Continuing on with the thought from earlier regarding a view on the meta impact on the every-day citizen’s life, I liked how this theme continued as an overarching plot point throughout the season. The latter season story arch regarding the finding of a metahuman cure felt like it actually felt weight and posed a crucial question as to whether this should even exist or not (even if it did give me X-Men: The Last Stand flashbacks). The writing as a whole this season felt as is if there were no throwaway lines, that everything that everyone had said was carefully and deliberately chosen so as to be referenced back later in the season.

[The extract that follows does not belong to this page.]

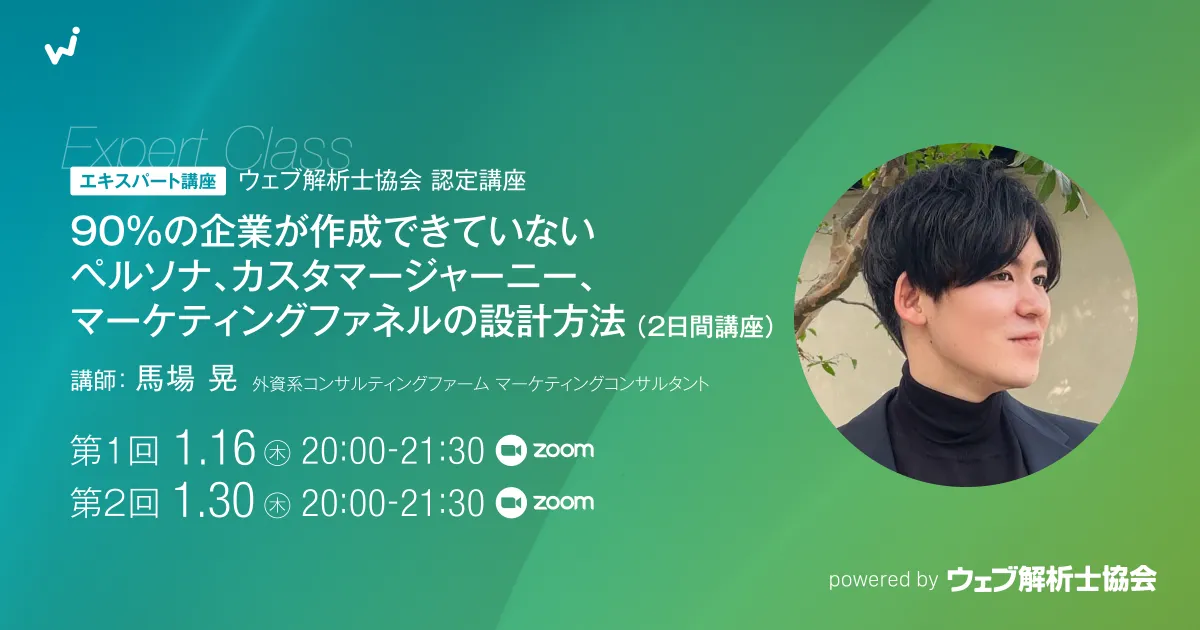 マーケティング戦略の成功には、しっかりとしたファネル設計が欠かせません。2025年1月にウェブ解析士協会主催のオンライン講座では、外資系企業での豊富なコンサルティング経験を持つ馬場晃氏が登壇し、初心者でも実践的に学べる内容を提供します。

One of the few areas this season I felt a little disappointed in was with the finale. The season ends with Nora being wiped from existence, Eobard escaping prison, and the headline alluded to the entire season where Barry disappears during Crisis changing dates from 2022 to 2019. It just felt like the season wasn’t really building to anything at that point except for Crisis. I know that Crisis on Infinite Earths is going to be a massive, Arrowverse shattering event, but the way this season ended it felt like there won’t really be anything for Team Flash to do come the start of Season 6. The season isn’t going to just start with Crisis, so what do we have to look forward to at the start of the new season?
Overall I thoroughly enjoyed this season of The Flash. The writing this season I felt was the best it had been in years, despite a few hiccups here and there and the feeling of being rushed on occasion. The acting was absolutely top-notch which is surprising giving the overall campiness of the show. Other than Crisis I don’t know what’s in store for this show, but I’m sure as hell excited to find out.